There's a Hilbertspace associated with the boundary which means there is a lattice of projection operators that I think of as corresponding to STATEMENTS you can make about the boundary, and consequently make regarding what was/is/will be in progress inside the region. Including as regards how that process interacts with and therefore includes the geometry in the region.

What I'm thinking is (and it would be great if you could offer a contrasting viewpoint and persuade me otherwise) is that this setup is probably MINIMAL. These are the weakest most structureless assumptions that it is possible to make and still be able to make statements about some process going on somewhere--some quantum field theory or statistical mechanics process happening somewhere.

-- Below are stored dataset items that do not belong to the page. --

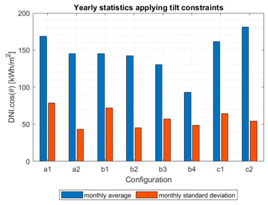 Config. b2 shows minimal losses due to tilt constraints (−2%) and minimal yearly variability. Operational time is about 88% for Config. b2, with downtime occurring in the morning and evening hours during winter months for Seville, Spain. For Config. b1, higher losses due to tilt constraints are observed (−12%), along with higher yearly variability, lower daily variability, but a higher available solar radiation potential in comparison to Config. b2. Config. b1 is penalized by tilt restrictions all year round during morning and evening hours (operational time fraction: 72%).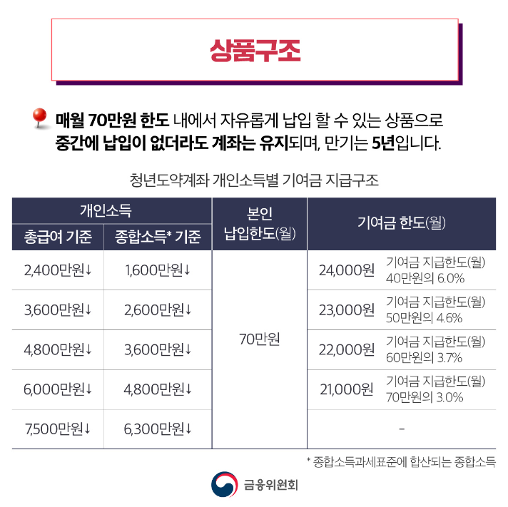 - 만기 5년(만기 시 정부기여금 지원, 이자소득 비과세)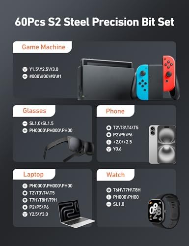- 60-Piece S2 Precision Bit Set: The AstroAI Electric Screwdriver comes with 60 S2 steel precision bits and special JIS drill bits for Japanese electronic devices, effectively preventing screws from loosening. This set includes general-purpose drill bits and specific bits for iPhones. These bits, along with the magnetizer, pry bar, and precision tweezer, form a 63-in-1 multifunctional tool, making it perfect for assembling and disassembling a variety of electronics.
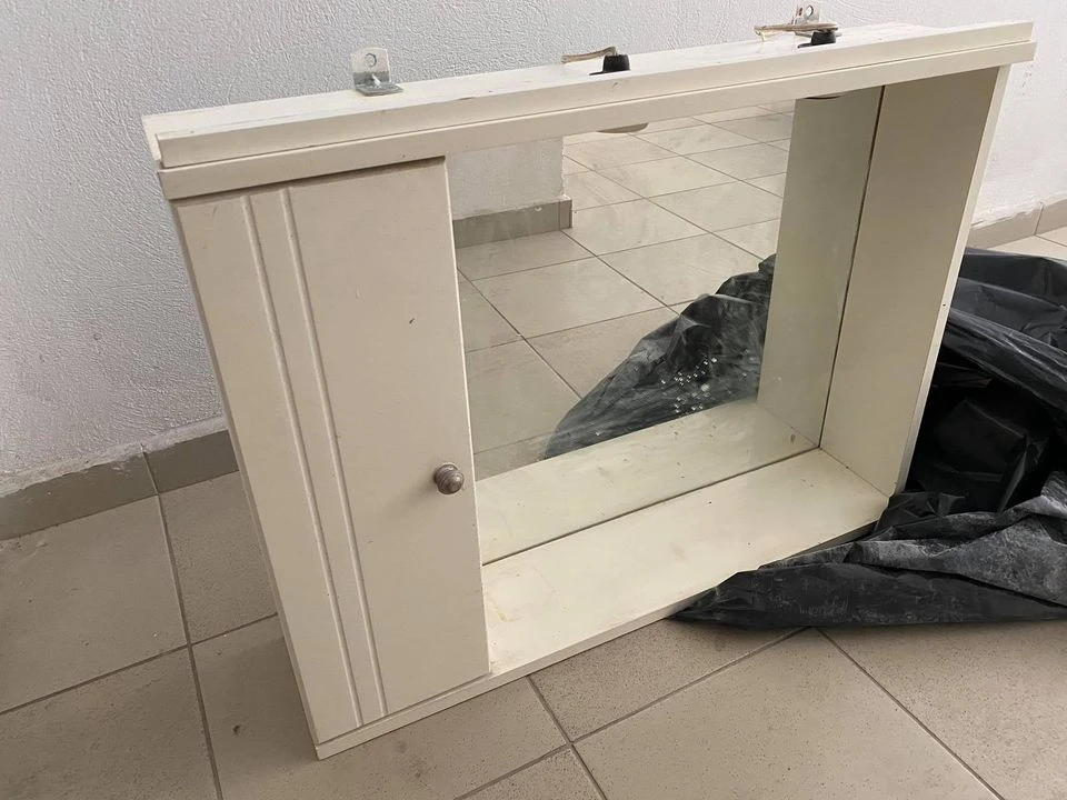 4) Ντουλαπάκι μπάνιου (λουστραρισμένο) με καθρέπτη και υποδοχή για λάμπες.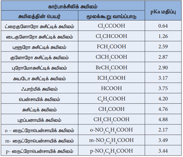 ii) எலக்ட்ரான் வெளியீர்க்கும் தொகுதிகள் அமிலத்தன்மையை அதிகரிக்கின்றன.

Also on standby here is the idea of "truncation". Because we can never make more than a finite number of measurements, detections, or predictions--or impose more than finite number of sideconditions--it's probably advisable to have some convenient way to truncate the information content. Some "N", maybe an arbitrary restriction on the dimension of the Hilbertspace. I'm not sure about this at the moment and can't make a definite comment. I don't see it in any of the Oeckl papers I've looked at.

 

[marcus]

The next installment:
http://arxiv.org/abs/1309.0777
Coupling and thermal equilibrium in general-covariant systems
Goffredo Chirco, Hal M. Haggard, Carlo Rovelli
(Submitted on 3 Sep 2013)
A fully general-covariant formulation of statistical mechanics is still lacking. We take a step toward this theory by studying the meaning of statistical equilibrium for coupled, parametrized systems. We discuss how to couple parametrized systems. We express the thermalization hypothesis in a general-covariant context. This takes the form of vanishing of information flux. An interesting relation emerges between thermal equilibrium and gauge.
8 pages, 3 figures

 

[marcus]

The Planck Stars paper, with its new understanding of what's going on in a black hole, and especially the paper by Chirco Haggard Riello Rovelli ("CHRR") that re-interprets Jacobson's 1995 result put the QG and Thermodynamics research discussed in this thread in a new light.

There seems to be a high-stakes game in progress: a coherent line of investigation involving a number of people. Not only Haggard and Rovelli as mentioned in the title of the thread, but a longer list including:
Bianchi, Chirco, Haggard, Riello, Rovelli, Vidotto, and possibly others I'm forgetting to mention.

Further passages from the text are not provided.